> _DATA_:
=-=-=

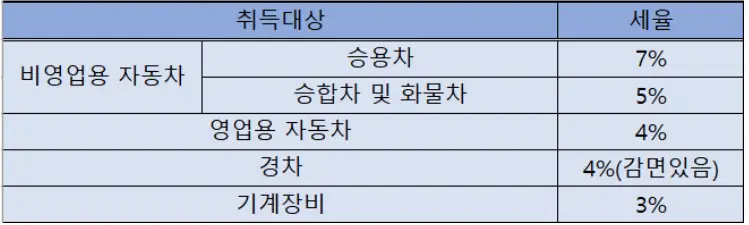 자동차를 구매하는 경우 취득세와 등록세를 함께 납부해야 합니다. 아래의 표는 자동차별 취등록세의 세율을 알려주고 있습니다.
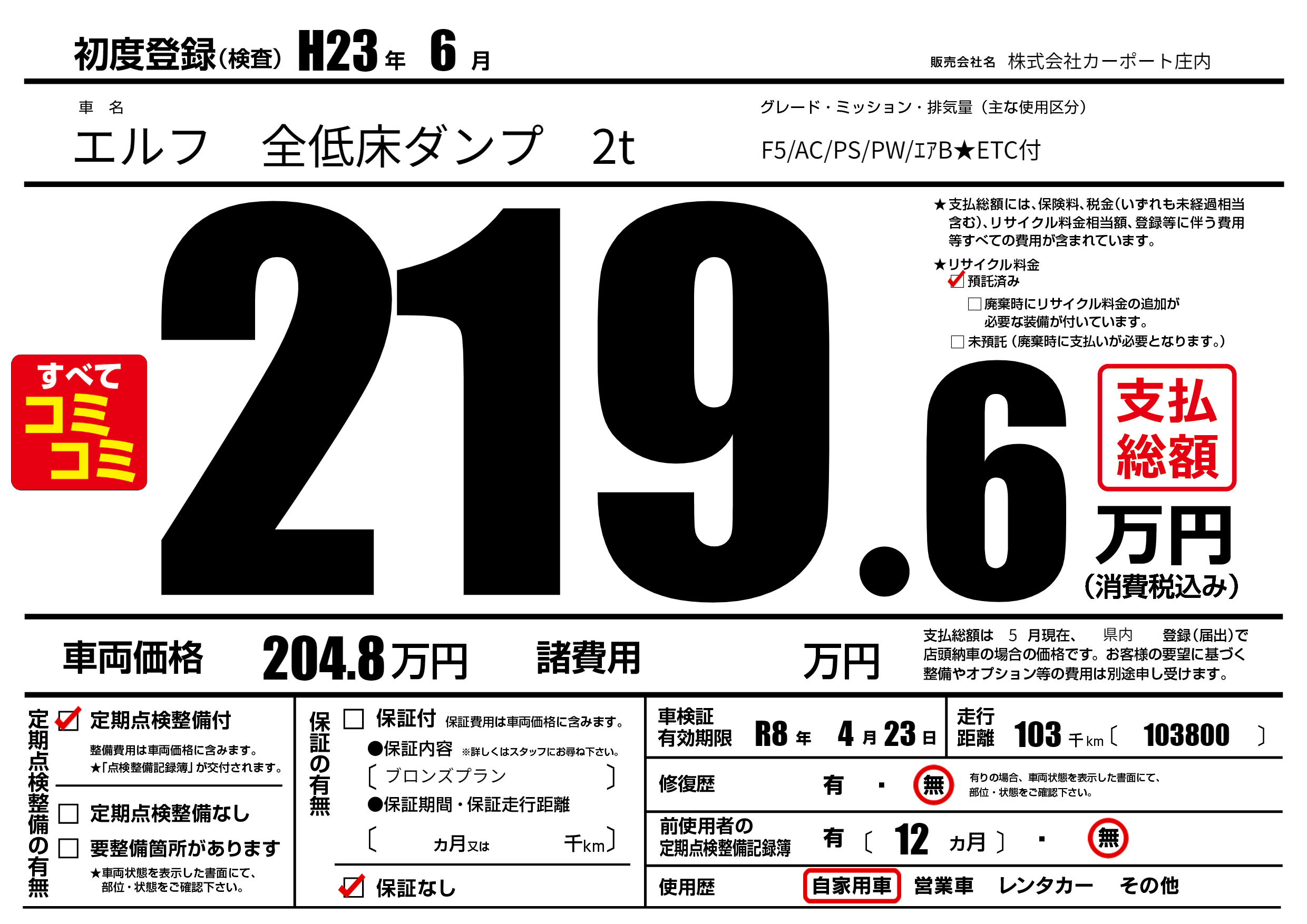 | 車名 | エルフ 全低床ダンプ 2t | グレード ミッション 排気量 |
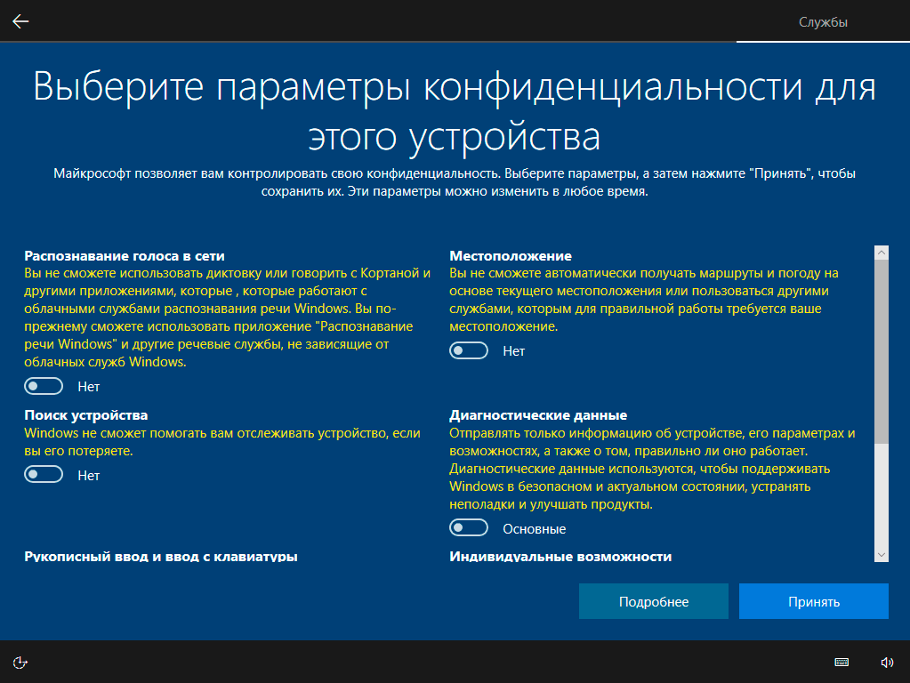 В окне выбора параметров конфиденциальности я можно смело всё отключать. Если у вас ноутбук то рекомендую оставить функцию местоположения и поиск устройства. Остальное же на ваше усмотрение, работаете с графическим планшетом, или устанавливаете систему на планшет с которым работаете пером, значит оставляйте распознавание рукописного ввода, ну я думаю логика ясна. Жмём “далее”.

=-=-=

> _PROBLEM TO WORK ON_: Give the data back exactly, omitting all pictures.

> _RESPONSE BELOW_:
 자동차를 구매하는 경우 취득세와 등록세를 함께 납부해야 합니다. 아래의 표는 자동차별 취등록세의 세율을 알려주고 있습니다.
 | 車名 | エルフ 全低床ダンプ 2t | グレード ミッション 排気量 |
 В окне выбора параметров конфиденциальности я можно смело всё отключать. Если у вас ноутбук то рекомендую оставить функцию местоположения и поиск устройства. Остальное же на ваше усмотрение, работаете с графическим планшетом, или устанавливаете систему на планшет с которым работаете пером, значит оставляйте распознавание рукописного ввода, ну я думаю логика ясна. Жмём “далее”.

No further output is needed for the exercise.